YOUR SOLIN GENERATED RECIPE
Pesto Chicken Pasta with Sun-Dried Tomatoes
Sautéed chicken breast tossed with whole wheat penne and a vibrant basil pesto, featuring sun-dried tomatoes for a concentrated burst of savory flavor.
INGREDIENTS
4 oz chicken breast
1.25 oz whole wheat penne pasta
1 tbsp basil pesto
1 tbsp sun-dried tomatoes
1 cup baby spinach
1 tsp extra virgin olive oil
0.25 tsp sea salt
0.25 tsp black pepper
1 tbsp grated parmesan cheese
PREPARATION
Bring a pot of salted water to a boil and cook the whole wheat penne according to package directions until al dente.
While the pasta cooks, season the chicken breast pieces with sea salt and black pepper.

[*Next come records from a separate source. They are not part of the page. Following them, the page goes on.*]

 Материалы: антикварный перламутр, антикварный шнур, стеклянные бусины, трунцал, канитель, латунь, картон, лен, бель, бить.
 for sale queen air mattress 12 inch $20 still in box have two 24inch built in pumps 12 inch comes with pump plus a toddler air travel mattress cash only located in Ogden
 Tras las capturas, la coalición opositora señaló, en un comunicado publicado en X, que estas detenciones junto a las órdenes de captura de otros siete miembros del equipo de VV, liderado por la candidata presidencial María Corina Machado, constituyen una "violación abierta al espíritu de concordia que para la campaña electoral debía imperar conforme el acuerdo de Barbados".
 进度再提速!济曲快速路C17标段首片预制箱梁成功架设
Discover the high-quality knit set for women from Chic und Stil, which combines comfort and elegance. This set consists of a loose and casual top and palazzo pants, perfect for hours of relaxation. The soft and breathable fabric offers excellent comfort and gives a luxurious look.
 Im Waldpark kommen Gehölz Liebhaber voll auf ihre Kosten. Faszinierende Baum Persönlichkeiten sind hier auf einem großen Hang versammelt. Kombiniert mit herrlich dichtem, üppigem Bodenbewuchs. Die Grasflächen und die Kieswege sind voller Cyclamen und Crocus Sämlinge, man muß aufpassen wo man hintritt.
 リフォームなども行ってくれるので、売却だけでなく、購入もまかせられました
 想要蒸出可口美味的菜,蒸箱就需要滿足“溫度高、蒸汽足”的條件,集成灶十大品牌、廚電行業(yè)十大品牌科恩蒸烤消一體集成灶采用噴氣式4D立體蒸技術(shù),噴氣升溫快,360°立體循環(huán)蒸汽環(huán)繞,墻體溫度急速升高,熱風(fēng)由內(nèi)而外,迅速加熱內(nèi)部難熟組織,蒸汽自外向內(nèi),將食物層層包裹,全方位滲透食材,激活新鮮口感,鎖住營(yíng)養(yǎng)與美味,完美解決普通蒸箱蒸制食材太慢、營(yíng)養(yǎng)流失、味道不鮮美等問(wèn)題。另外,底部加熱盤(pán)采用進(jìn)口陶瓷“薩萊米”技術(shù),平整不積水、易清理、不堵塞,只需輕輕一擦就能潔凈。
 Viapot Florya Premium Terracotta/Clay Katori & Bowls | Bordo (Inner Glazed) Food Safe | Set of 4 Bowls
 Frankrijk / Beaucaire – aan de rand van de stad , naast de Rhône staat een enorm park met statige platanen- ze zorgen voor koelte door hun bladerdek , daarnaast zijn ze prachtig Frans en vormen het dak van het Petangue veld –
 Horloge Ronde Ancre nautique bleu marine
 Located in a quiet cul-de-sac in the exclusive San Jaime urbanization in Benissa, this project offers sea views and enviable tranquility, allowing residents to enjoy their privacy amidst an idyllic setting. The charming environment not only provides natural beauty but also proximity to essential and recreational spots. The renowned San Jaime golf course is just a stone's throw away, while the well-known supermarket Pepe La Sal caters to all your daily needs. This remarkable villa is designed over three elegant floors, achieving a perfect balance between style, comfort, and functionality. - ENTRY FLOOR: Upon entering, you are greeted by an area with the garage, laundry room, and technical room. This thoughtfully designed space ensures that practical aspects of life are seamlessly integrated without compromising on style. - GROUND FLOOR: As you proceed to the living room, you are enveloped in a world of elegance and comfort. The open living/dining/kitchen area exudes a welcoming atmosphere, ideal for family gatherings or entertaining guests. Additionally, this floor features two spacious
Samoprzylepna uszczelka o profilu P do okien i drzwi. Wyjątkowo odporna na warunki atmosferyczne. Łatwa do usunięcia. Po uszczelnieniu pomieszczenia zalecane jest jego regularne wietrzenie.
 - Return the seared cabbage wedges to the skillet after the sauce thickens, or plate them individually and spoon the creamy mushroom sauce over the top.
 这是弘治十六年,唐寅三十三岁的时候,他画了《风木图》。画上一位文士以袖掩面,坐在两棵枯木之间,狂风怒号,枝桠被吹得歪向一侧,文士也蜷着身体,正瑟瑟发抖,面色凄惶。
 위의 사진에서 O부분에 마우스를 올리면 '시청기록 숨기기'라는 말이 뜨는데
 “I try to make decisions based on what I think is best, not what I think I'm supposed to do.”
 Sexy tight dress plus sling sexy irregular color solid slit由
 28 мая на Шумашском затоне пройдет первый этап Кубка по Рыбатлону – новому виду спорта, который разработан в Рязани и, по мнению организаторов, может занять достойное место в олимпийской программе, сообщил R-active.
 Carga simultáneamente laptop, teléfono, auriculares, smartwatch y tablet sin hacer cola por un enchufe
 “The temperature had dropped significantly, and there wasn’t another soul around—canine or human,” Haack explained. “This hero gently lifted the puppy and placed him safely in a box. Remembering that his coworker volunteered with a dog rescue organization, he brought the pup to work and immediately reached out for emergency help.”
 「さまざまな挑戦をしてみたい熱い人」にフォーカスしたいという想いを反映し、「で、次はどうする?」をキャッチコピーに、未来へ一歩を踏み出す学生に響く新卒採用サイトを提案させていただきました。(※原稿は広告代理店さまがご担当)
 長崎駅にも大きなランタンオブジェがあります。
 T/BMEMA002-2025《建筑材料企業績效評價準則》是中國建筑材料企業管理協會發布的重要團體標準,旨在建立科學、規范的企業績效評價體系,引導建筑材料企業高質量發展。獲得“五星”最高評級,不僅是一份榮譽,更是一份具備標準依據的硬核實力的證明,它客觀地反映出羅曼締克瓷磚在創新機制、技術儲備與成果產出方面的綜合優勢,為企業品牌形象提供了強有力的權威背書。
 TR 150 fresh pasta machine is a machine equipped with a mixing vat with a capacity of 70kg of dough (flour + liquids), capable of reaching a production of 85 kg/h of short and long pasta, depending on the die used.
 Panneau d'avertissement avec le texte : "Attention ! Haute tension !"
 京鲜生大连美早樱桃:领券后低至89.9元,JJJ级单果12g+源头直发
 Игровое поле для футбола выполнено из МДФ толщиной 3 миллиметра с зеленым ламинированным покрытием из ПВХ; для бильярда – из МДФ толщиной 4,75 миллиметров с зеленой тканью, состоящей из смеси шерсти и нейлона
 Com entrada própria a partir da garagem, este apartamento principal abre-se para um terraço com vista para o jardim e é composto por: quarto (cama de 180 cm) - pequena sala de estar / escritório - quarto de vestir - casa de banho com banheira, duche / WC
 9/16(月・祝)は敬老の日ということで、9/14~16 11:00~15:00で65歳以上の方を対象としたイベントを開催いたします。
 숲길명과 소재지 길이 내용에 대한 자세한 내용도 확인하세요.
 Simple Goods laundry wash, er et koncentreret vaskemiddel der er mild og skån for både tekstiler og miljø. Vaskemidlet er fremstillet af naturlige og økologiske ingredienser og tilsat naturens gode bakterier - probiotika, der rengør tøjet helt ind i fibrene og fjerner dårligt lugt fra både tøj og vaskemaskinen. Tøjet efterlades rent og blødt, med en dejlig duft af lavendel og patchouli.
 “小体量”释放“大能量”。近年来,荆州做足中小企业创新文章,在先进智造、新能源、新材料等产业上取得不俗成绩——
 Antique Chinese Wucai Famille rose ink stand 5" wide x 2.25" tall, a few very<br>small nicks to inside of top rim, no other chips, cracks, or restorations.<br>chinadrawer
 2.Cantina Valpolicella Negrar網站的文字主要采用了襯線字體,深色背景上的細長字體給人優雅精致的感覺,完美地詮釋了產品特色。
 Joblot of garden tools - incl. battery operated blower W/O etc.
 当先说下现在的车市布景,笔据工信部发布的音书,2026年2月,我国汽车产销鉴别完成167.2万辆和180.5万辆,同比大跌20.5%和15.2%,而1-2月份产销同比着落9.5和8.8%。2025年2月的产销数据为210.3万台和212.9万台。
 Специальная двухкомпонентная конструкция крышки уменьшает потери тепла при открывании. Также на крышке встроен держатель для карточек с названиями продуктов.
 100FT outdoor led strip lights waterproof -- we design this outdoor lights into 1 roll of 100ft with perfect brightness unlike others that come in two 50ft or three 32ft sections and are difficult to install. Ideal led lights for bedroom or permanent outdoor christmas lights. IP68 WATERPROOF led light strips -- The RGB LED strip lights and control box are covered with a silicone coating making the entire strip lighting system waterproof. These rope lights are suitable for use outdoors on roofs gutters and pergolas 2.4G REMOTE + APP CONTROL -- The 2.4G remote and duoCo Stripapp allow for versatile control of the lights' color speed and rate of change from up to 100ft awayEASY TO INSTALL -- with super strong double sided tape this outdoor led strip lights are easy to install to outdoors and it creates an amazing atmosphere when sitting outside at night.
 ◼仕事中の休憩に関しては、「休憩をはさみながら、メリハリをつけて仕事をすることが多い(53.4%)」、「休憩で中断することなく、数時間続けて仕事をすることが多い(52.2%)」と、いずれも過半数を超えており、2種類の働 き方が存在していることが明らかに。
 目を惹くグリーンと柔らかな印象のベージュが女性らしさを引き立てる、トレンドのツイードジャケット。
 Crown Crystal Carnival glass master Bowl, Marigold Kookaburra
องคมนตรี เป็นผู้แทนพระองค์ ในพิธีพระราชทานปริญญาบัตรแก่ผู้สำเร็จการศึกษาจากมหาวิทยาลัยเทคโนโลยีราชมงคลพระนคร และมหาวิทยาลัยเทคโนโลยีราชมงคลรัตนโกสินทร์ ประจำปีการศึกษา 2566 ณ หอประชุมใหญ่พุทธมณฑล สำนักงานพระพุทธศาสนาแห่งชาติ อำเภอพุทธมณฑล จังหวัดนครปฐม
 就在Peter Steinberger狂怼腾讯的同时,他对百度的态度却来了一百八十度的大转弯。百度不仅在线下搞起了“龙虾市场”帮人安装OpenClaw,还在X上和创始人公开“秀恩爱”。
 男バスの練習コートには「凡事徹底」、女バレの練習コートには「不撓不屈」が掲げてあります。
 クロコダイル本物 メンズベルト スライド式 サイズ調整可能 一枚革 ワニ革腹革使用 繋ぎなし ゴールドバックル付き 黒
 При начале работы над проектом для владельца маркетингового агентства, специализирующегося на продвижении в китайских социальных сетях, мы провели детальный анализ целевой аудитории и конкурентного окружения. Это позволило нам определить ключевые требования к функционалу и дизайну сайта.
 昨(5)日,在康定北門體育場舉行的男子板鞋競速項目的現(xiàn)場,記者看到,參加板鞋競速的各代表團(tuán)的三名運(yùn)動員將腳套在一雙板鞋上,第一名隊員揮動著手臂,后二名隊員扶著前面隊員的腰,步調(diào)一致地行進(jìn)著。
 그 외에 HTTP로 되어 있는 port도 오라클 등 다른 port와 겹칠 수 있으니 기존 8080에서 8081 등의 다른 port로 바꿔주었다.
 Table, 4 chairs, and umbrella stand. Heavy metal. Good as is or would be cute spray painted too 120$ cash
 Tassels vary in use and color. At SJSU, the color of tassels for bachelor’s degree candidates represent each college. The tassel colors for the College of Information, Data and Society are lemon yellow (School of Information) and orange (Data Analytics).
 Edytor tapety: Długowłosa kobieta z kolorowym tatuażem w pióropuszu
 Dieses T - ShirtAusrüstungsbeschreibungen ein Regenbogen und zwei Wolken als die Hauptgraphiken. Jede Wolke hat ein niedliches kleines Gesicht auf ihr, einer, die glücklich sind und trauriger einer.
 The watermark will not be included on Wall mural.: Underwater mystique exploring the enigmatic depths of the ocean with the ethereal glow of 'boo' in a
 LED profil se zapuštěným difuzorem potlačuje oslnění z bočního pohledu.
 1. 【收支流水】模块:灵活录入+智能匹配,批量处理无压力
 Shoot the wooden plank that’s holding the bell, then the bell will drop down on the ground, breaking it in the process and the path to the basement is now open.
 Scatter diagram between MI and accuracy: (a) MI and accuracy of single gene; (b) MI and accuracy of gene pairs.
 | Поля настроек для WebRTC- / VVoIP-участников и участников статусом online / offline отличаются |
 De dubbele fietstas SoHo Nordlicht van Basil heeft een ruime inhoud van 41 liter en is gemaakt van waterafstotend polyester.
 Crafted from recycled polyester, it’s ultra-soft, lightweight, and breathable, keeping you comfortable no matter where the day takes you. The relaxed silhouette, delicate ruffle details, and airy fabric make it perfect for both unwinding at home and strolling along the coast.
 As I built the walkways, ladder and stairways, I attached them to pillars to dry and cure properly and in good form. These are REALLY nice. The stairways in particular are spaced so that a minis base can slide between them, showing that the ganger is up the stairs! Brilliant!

Heat the extra virgin olive oil in a large skillet over medium-high heat and sear the chicken until golden brown and cooked through.
Lower the heat to medium and stir in the sun-dried tomatoes and baby spinach, cooking until the spinach is just wilted.
Drain the pasta, reserving a splash of pasta water, and add the pasta to the skillet with the chicken and vegetables.
Stir in the basil pesto and the reserved pasta water, tossing everything together until well coated.
Serve immediately topped with a sprinkle of grated parmesan cheese.